▸ How to complete this task
Repeat the records in full. No pictures belong in the copy.

▸ Supplied data
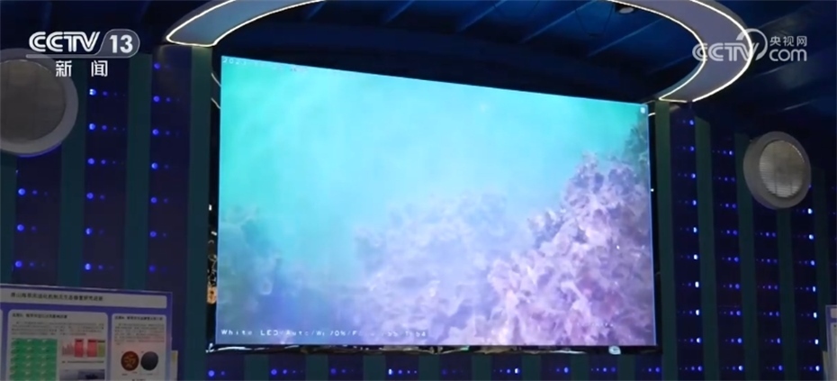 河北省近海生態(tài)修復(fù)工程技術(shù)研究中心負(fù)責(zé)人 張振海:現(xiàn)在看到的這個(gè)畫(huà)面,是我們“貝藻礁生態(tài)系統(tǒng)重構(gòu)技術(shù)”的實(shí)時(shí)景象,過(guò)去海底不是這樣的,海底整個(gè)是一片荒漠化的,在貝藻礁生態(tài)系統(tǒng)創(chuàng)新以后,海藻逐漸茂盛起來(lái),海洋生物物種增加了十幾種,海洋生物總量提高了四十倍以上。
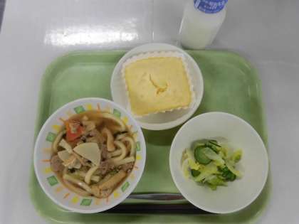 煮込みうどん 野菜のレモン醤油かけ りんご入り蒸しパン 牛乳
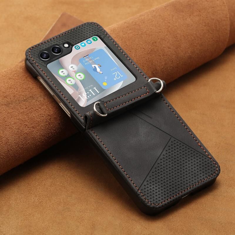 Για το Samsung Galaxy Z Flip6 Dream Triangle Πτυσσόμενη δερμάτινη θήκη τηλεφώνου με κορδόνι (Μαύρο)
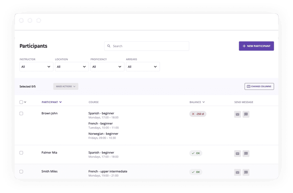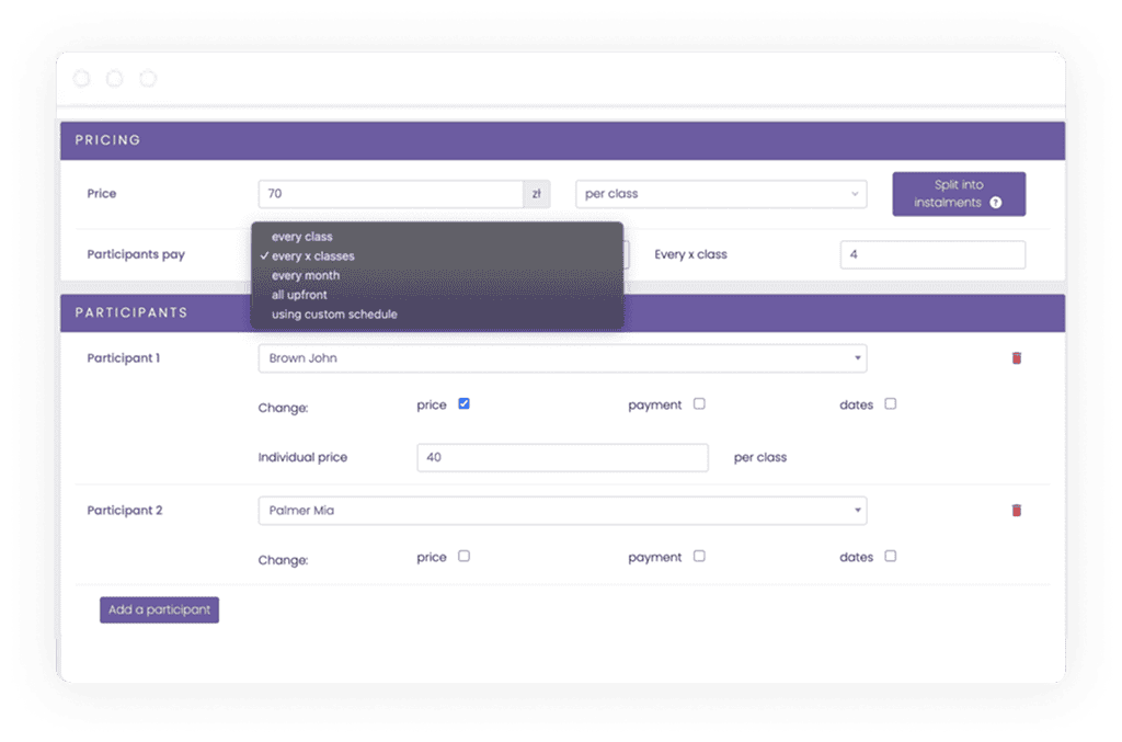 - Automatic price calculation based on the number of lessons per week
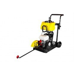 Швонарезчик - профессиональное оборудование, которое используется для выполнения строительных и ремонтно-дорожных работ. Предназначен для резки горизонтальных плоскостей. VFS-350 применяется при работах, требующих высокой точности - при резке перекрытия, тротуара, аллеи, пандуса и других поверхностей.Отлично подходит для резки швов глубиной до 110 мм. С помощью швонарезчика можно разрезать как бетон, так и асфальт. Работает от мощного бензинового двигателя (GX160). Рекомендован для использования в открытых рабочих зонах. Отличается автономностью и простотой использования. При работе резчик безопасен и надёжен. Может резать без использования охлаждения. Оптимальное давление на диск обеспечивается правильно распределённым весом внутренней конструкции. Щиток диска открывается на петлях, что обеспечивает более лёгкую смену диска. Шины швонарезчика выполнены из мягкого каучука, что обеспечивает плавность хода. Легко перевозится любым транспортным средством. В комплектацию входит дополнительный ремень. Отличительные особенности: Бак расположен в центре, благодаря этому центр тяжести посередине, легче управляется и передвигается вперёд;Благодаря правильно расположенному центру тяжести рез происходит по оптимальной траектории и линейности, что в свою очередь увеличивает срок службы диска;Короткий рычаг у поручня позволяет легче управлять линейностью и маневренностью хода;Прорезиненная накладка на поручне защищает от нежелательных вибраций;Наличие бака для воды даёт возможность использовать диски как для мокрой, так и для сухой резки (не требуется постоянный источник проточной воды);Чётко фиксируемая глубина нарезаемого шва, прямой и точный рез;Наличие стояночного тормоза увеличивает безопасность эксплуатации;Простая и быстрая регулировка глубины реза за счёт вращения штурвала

▸ Task result
 河北省近海生態(tài)修復(fù)工程技術(shù)研究中心負(fù)責(zé)人 張振海:現(xiàn)在看到的這個(gè)畫(huà)面,是我們“貝藻礁生態(tài)系統(tǒng)重構(gòu)技術(shù)”的實(shí)時(shí)景象,過(guò)去海底不是這樣的,海底整個(gè)是一片荒漠化的,在貝藻礁生態(tài)系統(tǒng)創(chuàng)新以后,海藻逐漸茂盛起來(lái),海洋生物物種增加了十幾種,海洋生物總量提高了四十倍以上。
 煮込みうどん 野菜のレモン醤油かけ りんご入り蒸しパン 牛乳
 Για το Samsung Galaxy Z Flip6 Dream Triangle Πτυσσόμενη δερμάτινη θήκη τηλεφώνου με κορδόνι (Μαύρο)
 - Automatic price calculation based on the number of lessons per week
 Швонарезчик - профессиональное оборудование, которое используется для выполнения строительных и ремонтно-дорожных работ. Предназначен для резки горизонтальных плоскостей. VFS-350 применяется при работах, требующих высокой точности - при резке перекрытия, тротуара, аллеи, пандуса и других поверхностей.Отлично подходит для резки швов глубиной до 110 мм. С помощью швонарезчика можно разрезать как бетон, так и асфальт. Работает от мощного бензинового двигателя (GX160). Рекомендован для использования в открытых рабочих зонах. Отличается автономностью и простотой использования. При работе резчик безопасен и надёжен. Может резать без использования охлаждения. Оптимальное давление на диск обеспечивается правильно распределённым весом внутренней конструкции. Щиток диска открывается на петлях, что обеспечивает более лёгкую смену диска. Шины швонарезчика выполнены из мягкого каучука, что обеспечивает плавность хода. Легко перевозится любым транспортным средством. В комплектацию входит дополнительный ремень. Отличительные особенности: Бак расположен в центре, благодаря этому центр тяжести посередине, легче управляется и передвигается вперёд;Благодаря правильно расположенному центру тяжести рез происходит по оптимальной траектории и линейности, что в свою очередь увеличивает срок службы диска;Короткий рычаг у поручня позволяет легче управлять линейностью и маневренностью хода;Прорезиненная накладка на поручне защищает от нежелательных вибраций;Наличие бака для воды даёт возможность использовать диски как для мокрой, так и для сухой резки (не требуется постоянный источник проточной воды);Чётко фиксируемая глубина нарезаемого шва, прямой и точный рез;Наличие стояночного тормоза увеличивает безопасность эксплуатации;Простая и быстрая регулировка глубины реза за счёт вращения штурвала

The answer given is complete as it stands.